NIACL vs. Flat Products: Legal Battle Over Depreciation Calculation

The Supreme Court recently delivered a crucial judgment in the case of NIACL vs. Flat Products, revolving around a dispute over the calculation of depreciation in an insurance claim. The case delves into the intricacies of policy provisions, surveyor assessments, and the Reinstatement Value Clause.
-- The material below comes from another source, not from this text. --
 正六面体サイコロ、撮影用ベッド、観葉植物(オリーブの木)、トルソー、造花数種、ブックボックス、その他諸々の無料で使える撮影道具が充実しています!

Both parties, NIACL and Flat Products, presented compelling arguments, leading to a significant legal battle that has now been settled by the highest court in India.

Facts

  • The Insured placed an order with M/s Flat Products for reinstating the 20 Hi Cold Rolling machine after it was destroyed in a fire.
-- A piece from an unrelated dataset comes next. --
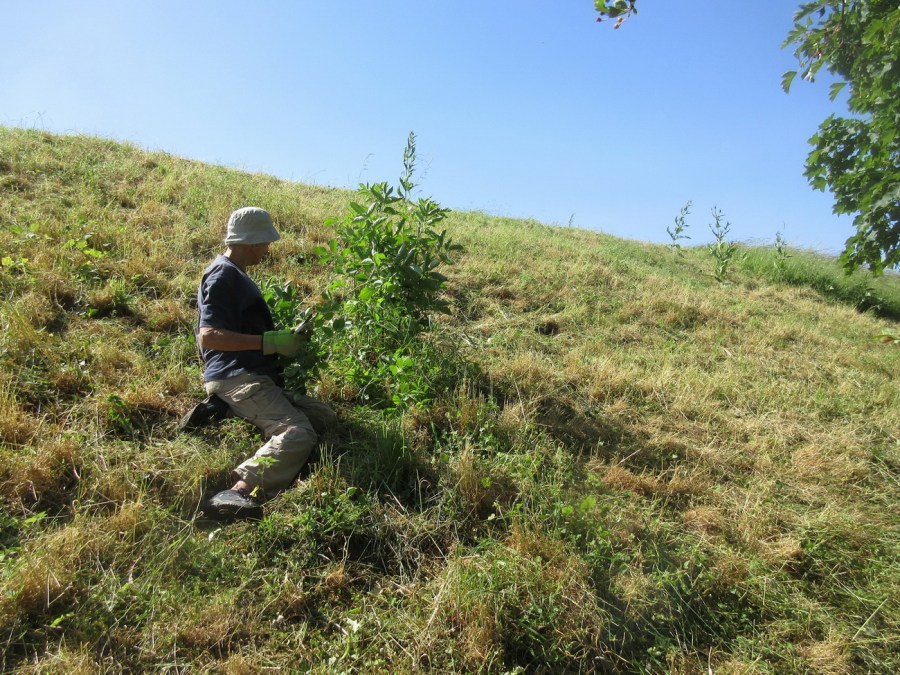 nettles remaining after scything are pulled by hand

  • The Insured paid Rs.3,75,00,000/- as advance payment to M/s Flat Products for the machine reinstatement.
  • A claim for Rs. 35.08 crores was filed by the Insured post the fire accident.
  • The machine installed by the Insured was a 6 Hi Cold Rolling instead of the previous 20 Hi Cold Rolling.
  • The Insurance Company contended that the depreciation should be calculated at 60% while the Insured argued it should be 32%.
  • The loss was assessed at Rs.19.55 crores on a replacement basis and Rs.13.51 crores on a depreciation basis.
  • The Insured pleaded that the compensation should have been based on a higher base figure for depreciation calculations.
  • The Insurance Company settled the claim at Rs.7.88 Crores, which the Insured disputed.
  • NIACL was asked to provide an additional affidavit justifying the depreciation at 60%.
  • NCDRC found that depreciation had been calculated differently for different units without standard guidelines.
  • The NCDRC criticized the issuance of a letter by the Insurance Company to the Surveyors seeking a revision of the calculation after eleven months.
  • The affidavit presented cases where depreciation was computed at rates of 75%-80% to suit NIACL’s convenience.
  • The initial recommendation in the Joint Surveyors’ Report was 32% depreciation, but the surveyors increased it to 60% based on the Insurance Company’s letter.
  • NIACL appealed for 60% depreciation, but NCDRC maintained it at 32%.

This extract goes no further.